Observe for presence of precipitin lines between antigen and antisera wells. Note the pattern of precipitin line observed in each case.

Interpretation

When antigen and antibody meet in optimal proportions a precipitation line is formed. In Ouchterlony Double Diffusion (Antigen Antibody Pattern), three patterns of precipitin lines can be observed.

1. If pattern X or pattern of identity is observed between the antigens and the antiserum, it indicates that the antigens are immunologically identical.

2. If pattern Y or pattern of partial identity is observed, it indicates that the antigens are partially similar or cross-reactive.

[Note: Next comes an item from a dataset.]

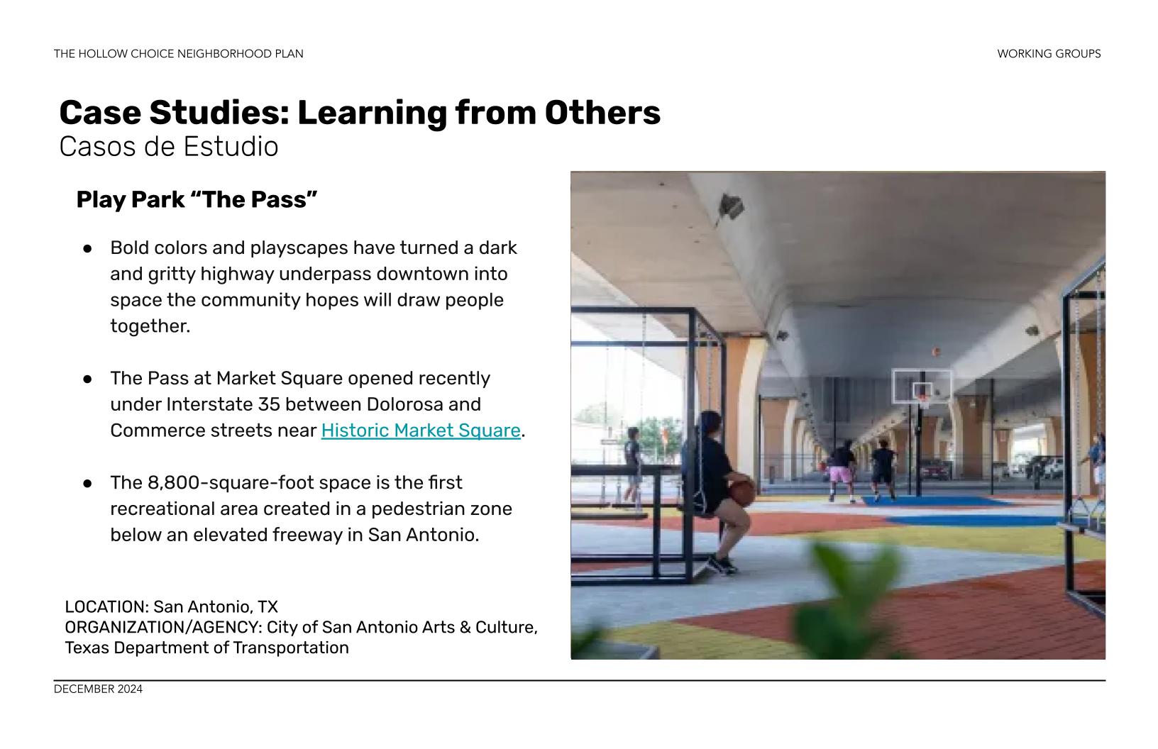 The Neighborhood Working Group focused on improving transportation, mobility, open space, recreation, and cultural identity. Key projects included expanding on-demand transit, improving walkability and pedestrian safety, activating parks like The Hollow Plaza, supporting cultural events like Taste of the Hollow, and enhancing neighborhood identity.

3. If pattern Z or pattern of non-identity is observed, it indicates that there is no cross-reaction between the antigens. i.e. the two antigens are immunologically unrelated.

Reference Material

1. Himedia Protocol

2. Amrita Lab animation

3. Double Immunodiffusion

Questions

1. What are the different antigen-antibody patterns observed in a typical Ouchterlony double diffusion experiment?

2. How Ouchterlony double diffusion helpful in evolutionary studies?

3. Why do polyclonal antisera produce a better precipitin reaction?

4. Both IgM and IgG antibodies can be used in precipitation reactions. However, one of these immunoglobulin classes will form precipitates at much lower concentrations than the other. Which class is this, and why is it so much more efficient in this regard?